I’ll rephrase that: a quarter of the class at Neelam’s school will drop out because they don’t have a private place to change their sanitary cloths, and they will never go back.

Urmila, from the MHM team, was leading the visit. It was in Hindi and I didn’t have an interpreter, so I just noted the English words that were used in and amongst:

“Gift from god”

“Body parts”

“Underkit”

“Operation”

“Bedsheet”

“Cotton”

Urmila drew a picture on the board first. Then, as she explained afterwards, she told them that menstruation was normal. It was not dirty. It was not taboo. It was not sinful. It was a part of being a woman and it was a gift from god. She asked a skinny little girl to stand up, and stood next to her to show how a woman’s body changes: the hip flaring, the breasts, the size and shape. The morphology of women. Periods are part of life.

This may be obvious to you and me. Neelam showed me why it was not obvious to her. Afterwards, Urmila and another menstrual hygiene trainer carried out an MHM survey. They methodically went through a questionnaire in a classroom, one schoolgirl after another sitting in front answering questions like: do you drop out of school when you have your period? (Yes.) What do you use when you bleed? (old cloth, sand wrapped in cloth, old saris, dirty rags). What do you do with the cloth when you have used it? (Throw it into a field and hope no one sees.) Are you restricted in any way? (Yes.) Restricted in what way? When the Indian NGO gathered a list of what menstruating women and girls are not supposed to do, it read:

See birds.

Sit on the threshold.

Go near a newborn baby.

Touch stored food.

See men before bathing.

Touch plants.

Keep flowers.

Go to the temple.

Go out at noon.

Let lizards eat leftover blood tissues.

Serve food.

Talk with boys.

The girls were shy. I don’t know if they were telling the whole truth, because only one admitted to not having a toilet, which seems improbable in deeply rural Uttar Pradesh. Then Neelam came in. I was sitting next to Urmila but saying nothing. The other girls had not looked at me or acknowledged me. But as Neelam answered Urmila’s questions, she kept looking over at me. She included me visually in the conversation. And she talked more. She was expansive, articulate. She was expressive with her hands, and so graceful. Halfway through the survey, she looked at me again and said to Urmila that she wanted to know who I was, and where I came from. In the unequal setting of visiting outsider and survey subject, this frank curiosity and presumption of equality is striking. But Neelam was confident and charming. I sat up then and listened harder and she told her story. She was clearly poor from her patched clothing. Her story was horrific. Her story is not uncommon.  

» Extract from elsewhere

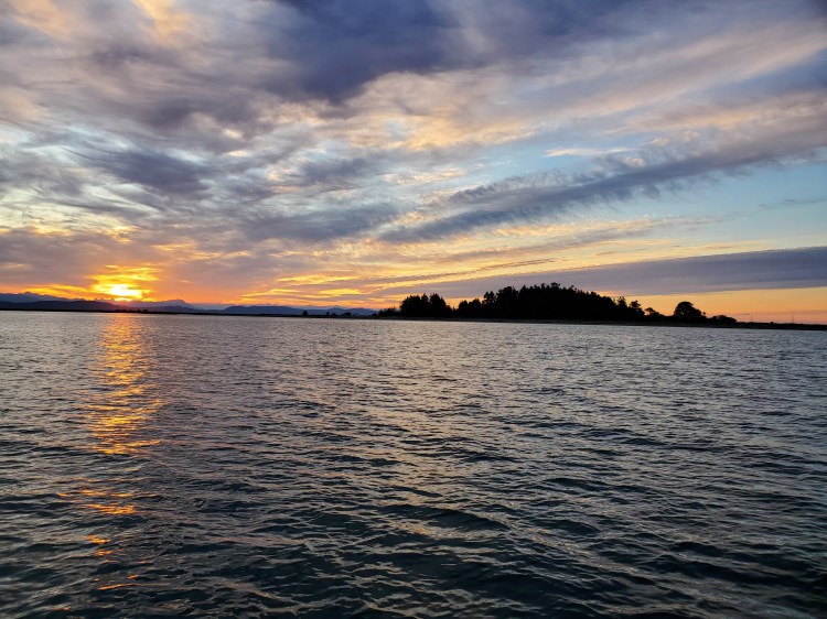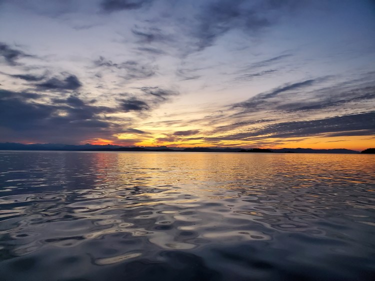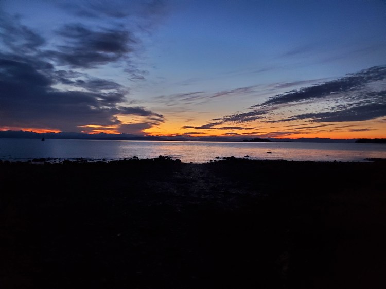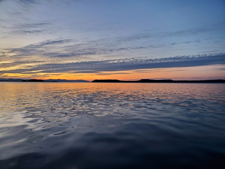 I quickly went down to the water to survey the conditions and launch site. Both were on point, so I went to my vehicle to get my kit in order. I packed light, a few bars and gummies, iced water (the last few days have been hot early in the day), and some emergency tape (duct and electrician’s). I was on the water by 0525 hours in time for the first light festivities. Below is the view from the water at the bottom of Argyle Road with the islands silhouetted just right of the image centre.

Neelam’s mother died when she was five. Her father is an agricultural labourer. He never remarried. Neelam’s elder sister tried to take over the role of the mother of the household, but it was hard, “when she was trying to cook but still crying with us.” Neelam described her mother’s cause of death as “something rotten in the breast,” so probably breast cancer. She had no close aunties or female relatives.

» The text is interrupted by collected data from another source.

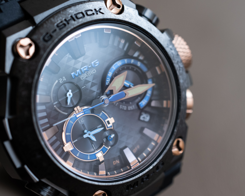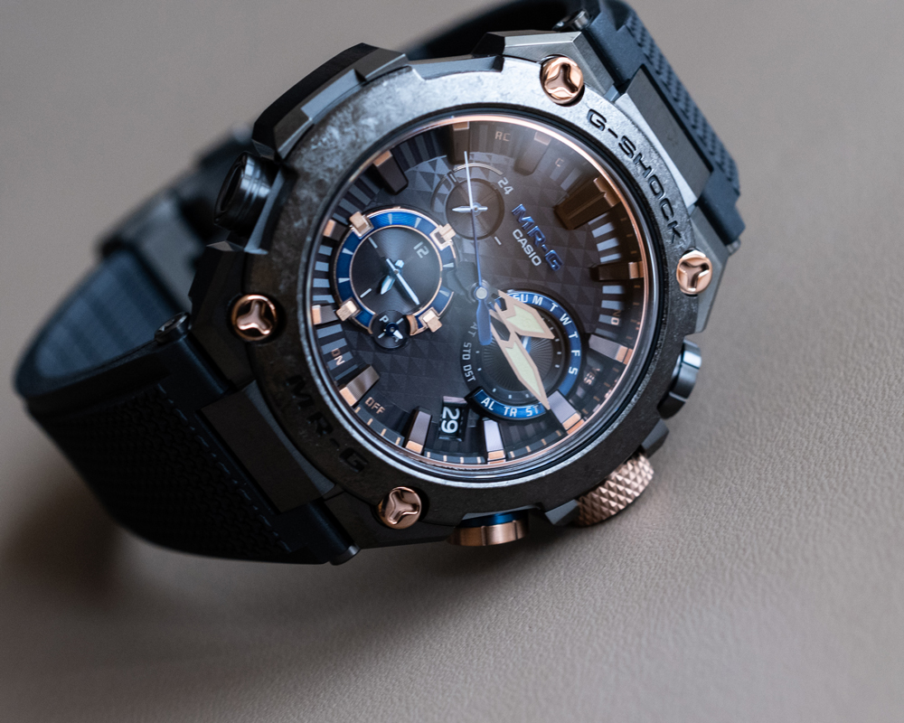加えて、Bluetooth連携によるモバイルリンク機能や、各地域の標準電波受信に対応した電波時計機能を搭載。当然ながら、20気圧防水や耐衝撃性なども備えており、実用性と高級感を兼ね備えたMR-Gの代表格といえるでしょう。
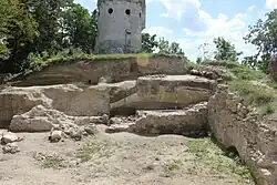 ![]() Ruins of medieval Čeklís Castle. Early 20th century water tower in the background | |
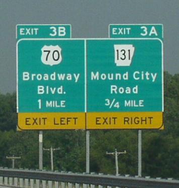 NB I-55/U.S. Rt. 61; WB U.S. Rt. 64-70; SB U.S. Rt. 79 at the Arkansas Welcome sign. SB I-55/U.S. Rt. 61; EB U.S. Rt. 64/70; NB U.S. Rt. 79 crossing the Mississippi River. SB I-55/U.S. Rt. 61; EB U.S. Rt. 64/70 near the Mississippi River. SB I-55/U.S. Rt. 61; EB U.S. Rt. 64/70; NB U.S. Rt. 79 near West Memphis. A BGS on NB I-55/U.S. Rt. 61; WB U.S. Rt. 64-70; SB U.S. Rt. 79.
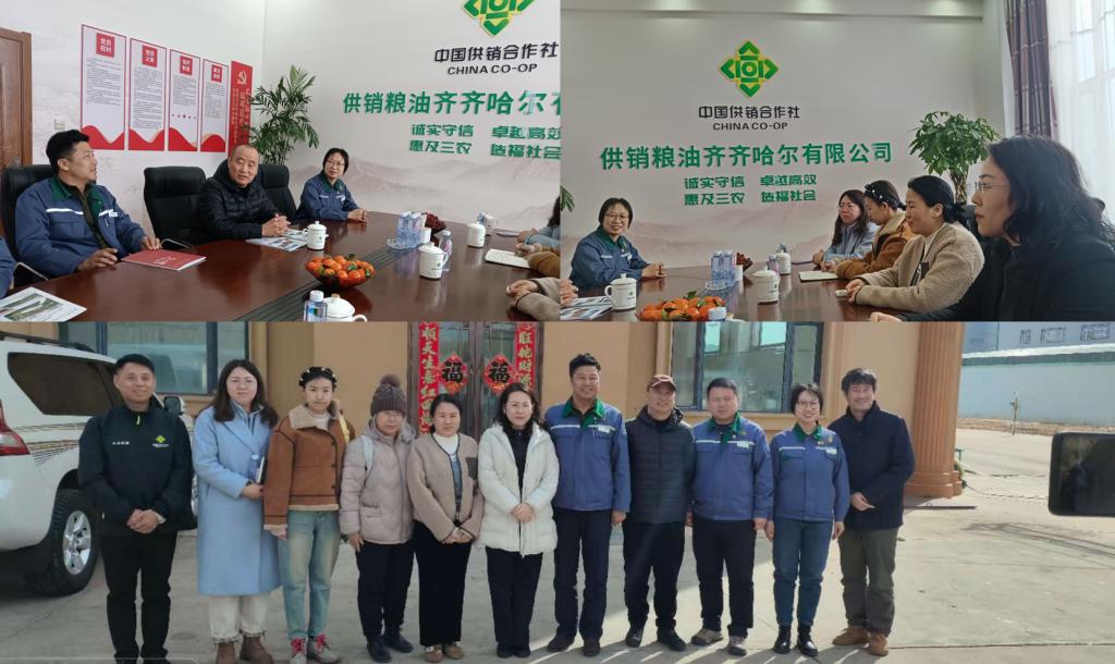 在供销粮油齐齐哈尔有限公司,企业总经理范小刚、人事科长周幸热情接待了考察组一行。座谈会上,范小刚详细介绍了企业发展历程、主营业务及人才需求情况,该公司作为中国供销集团旗下央企,专注于粮食及农副产品收购、仓储、运输等业务,目前急需电子商务、计算机相关专业人才,尤其对农业经营管理、农业追溯等领域的专业能力高度关注。郝丽娜院长介绍了学校的办学特色、专业设置及毕业生培养情况,双方就校企合作、实习就业、人才培养等方面达成共识,明确了合作意向,合作协议已进入企业审批流程,企业表示将积极通过招聘、实习等形式支持地方高校人才培养,主动承担社会责任。
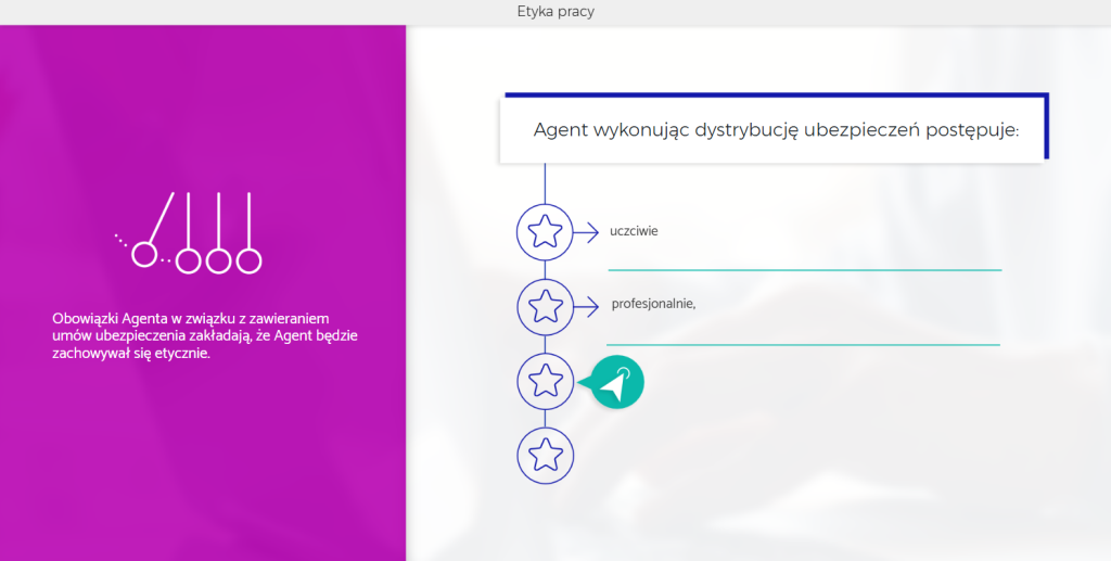 Od 1 października 2018 roku obowiązuje nowa ustawa o dystrybucji ubezpieczeń. Wprowadza ona wiele zmian prawnych dla agentów ubezpieczeniowych i brokerów. W odpowiedzi na te zmiany przygotowaliśmy szkolenia e-learningowe, które z jednej strony precyzyjnie wyjaśniają nową rzeczywistość prawną, a z drugiej pozwalają na realizację wymogu uczestnictwa w 15 godzinach szkoleń rocznie. Obowiązki agenta w świetle ustawy o dystrybucji ubezpieczeń jest częścią cyklu IDD.

This August, she got stomach pains. She had eaten some street food, so she thought the pains were due to that. Nothing unusual. But the pains continued in her abdomen, for hours and hours. Finally she went to the bathroom, and there she saw blood. And she was terrified. She was truly scared, because she knew what it was. It meant that she had what her mother had, and it meant that she was dying. Really. She had reached the age of 14 without knowing that one day she would bleed and it would be normal. So there she was in the bathroom, crying with fright, enough for her sister-in-law to hear. Neelam’s brother had married recently and young: his new bride was only 19, and Neelam didn’t much get on with her, because she didn’t think her brother should have married so young. There was some frostiness between them. But of all the family, it was this new sister-in-law who came to the door of the bathroom and said, “What’s wrong? What is this noise?” And Neelam told her she was bleeding, and that she was dying. And her sister-in-law said, “No. You are normal. This is what happens to women. Don’t worry.” Neelam’s hands were so expressive at this point, because she was saying this: “I thought I was dying like my mother, but because of that now I realise I have a mother again.”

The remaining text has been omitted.